Pour réussir à se mobiliser, malgré le sentiment que nos actions individuelles sont insignifiantes, il faut identifier que la responsabilité est universelle et comprendre la notion de masse critique : il suffit qu’un petit pourcentage de la population trouve inacceptable de ne pas agir pour que la société bascule

L’éducation pour un monde plus altruiste. 

Flore Vasseur raconte ce qu’Edward Snowden lui a confié : toutes les solutions à nos problèmes existent. Ce qui manque, c’est la culture qui les rendent applicables. 

Matthieu Ricard propose de rejeter la supposition que les valeurs morales sont toutes culturellement relatives pour enfin pouvoir enseigner certains principes à l’école : solidarité, sentience, évitement des souffrances inutiles. Cependant, Flore nous rappelle : “On parle de l’éducation des enfants, mais commençons par nous, les adultes !”  

L’interdépendance

On s’inquiète de la disparition des abeilles, mais je viens ici vous dire que ça attaque nos enfants maintenant !

Flore Vasseur

Nous ne sommes pas séparés de la nature, comme l’arrogance humaine veut nous le faire croire. L’émerveillement a un rôle à jouer dans cette reconnexion. Le fondateur de Karuna-Shechen partage : « On sort forcément de la bulle de l’égo, quand on est devant la beauté sauvage de la nature. C’est plus grand que soi, ça dépasse l’individu ».

La peur et l’égo

Matthieu Ricard éclaire le lien entre ces deux notions : la peur vient d’être centré sur soi-même, de se croire indépendant de ce qui nous entoure. Cela est en porte-à-faux avec la réalité, interdépendante, et engendre donc des comportements dysfonctionnels, pour soi, les autres et le vivant. Le monde surgit en ennemi, des menaces innombrables face à un individu. 

Se décentrer de soi permet une diminution de la menace. L’intrépidité, c’est l’état dans lequel nous n’avons plus rien à perdre, ni rien à gagner, mais tout à donner. Alors, intervient le courage, et l’engagement compassionnel. Comme un médecin qui agit pour ses patients avec précision, sans pleurer chaque douleur, mais qui soigne les blessures. Cette analyse, énoncée par Matthieu, est partagée par Flore, qu’elle a reçue des protagonistes du documentaire : l’engagement est possible lorsque l’on met son ego “dans une petite boîte”, que l’on s’en détache, même un instant, imparfaitement. On devient connecté à plus grand que soi. 

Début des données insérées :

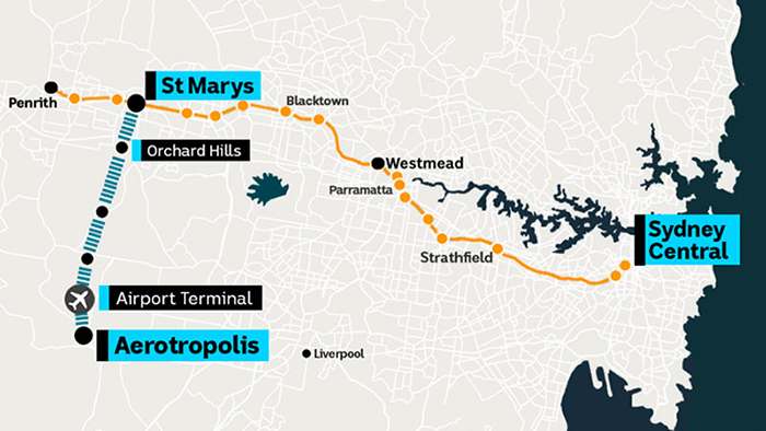 新增的23公里地铁线路将从St Marys车站延伸至五个新车站,其中两个位于西悉尼国际机场。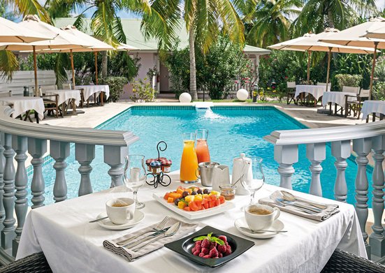 Farbenfroher Urlaub! Die Häuser in Pastelltönen mit weißen Fensterrahmen und Säulen kontrastieren vor dem strahlend blauen Himmel. Hibiskus, Bougainvilleen und Co. setzen weitere Akzente.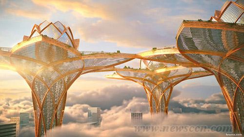 在巴比倫城,曾有一座享譽(yù)世界的空中花園,令人遺憾的是,早已淹沒(méi)在滾滾黃沙之中。最近,設計師Megatropolis設計了一座空中城市,架設于城市的高中之上。這座酷酷的城池創(chuàng )意來(lái)源于蓮花,在形態(tài)上猶如一朵正要開(kāi)放的花朵。
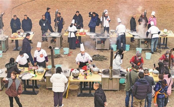 12月27日,在贵州省铜仁市玉屏侗族自治县侗乡风雨桥景区,厨师在现场烹饪,吸引游客驻足围观。当日,该景区举行“侗菜厨艺比拼迎新年”活动,来自湖南和贵州的28名厨师参赛。本报通讯员 胡攀学 摄
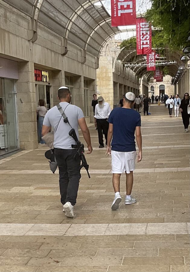 Following the events of October 7, Itamar Ben-Gvir, a far-right politician and Minister of National Security of Israel bragged about having handed out 100,000 gun permits to the Israeli public. Today, it is common to see Israelis walking the streets of Israel’s cities with assault rifles slung over their shoulders.

Une jeunesse en souffrance

Difficile de demander à ce que chacun s’ouvre aux autres, quand la relation à soi est si douloureuse. Matthieu rappelle les chiffres de la scarification en Europe, et le besoin du soin. Des personnes pensent que le bonheur leur est interdit. Flore renchérit, les perspectives de la crise environnementale rendent les gens, surtout les moins de 30 ans, angoissés et pessimistes quant à leur futur : c’est l’éco-anxiété. Elle appuie : l’éco-anxiété, ce n’est pas l’accumulation de mauvaises nouvelles, c’est le silence dans les familles, l’impossibilité pour les enfants et les jeunes d’y trouver un espace pour partager leur angoisse

Vers un monde plus altruiste

Avec l’égoïsme, tout le monde est perdant. Avec l’altruisme, tout le monde est gagnant. Il s’agit du seul concept capable de réunir les trois échelles de temps : court, moyen et long terme.

Matthieu Ricard

Cette conversation éclaire les barrières à l’engagement, et tisse des ponts nécessaires entre des générations qui ne se comprennent pas : les jeunes, angoissés, qui se sentent seuls, et les adultes, désarmés, qui ne prennent pas conscience de leur propre besoin de changement intérieur.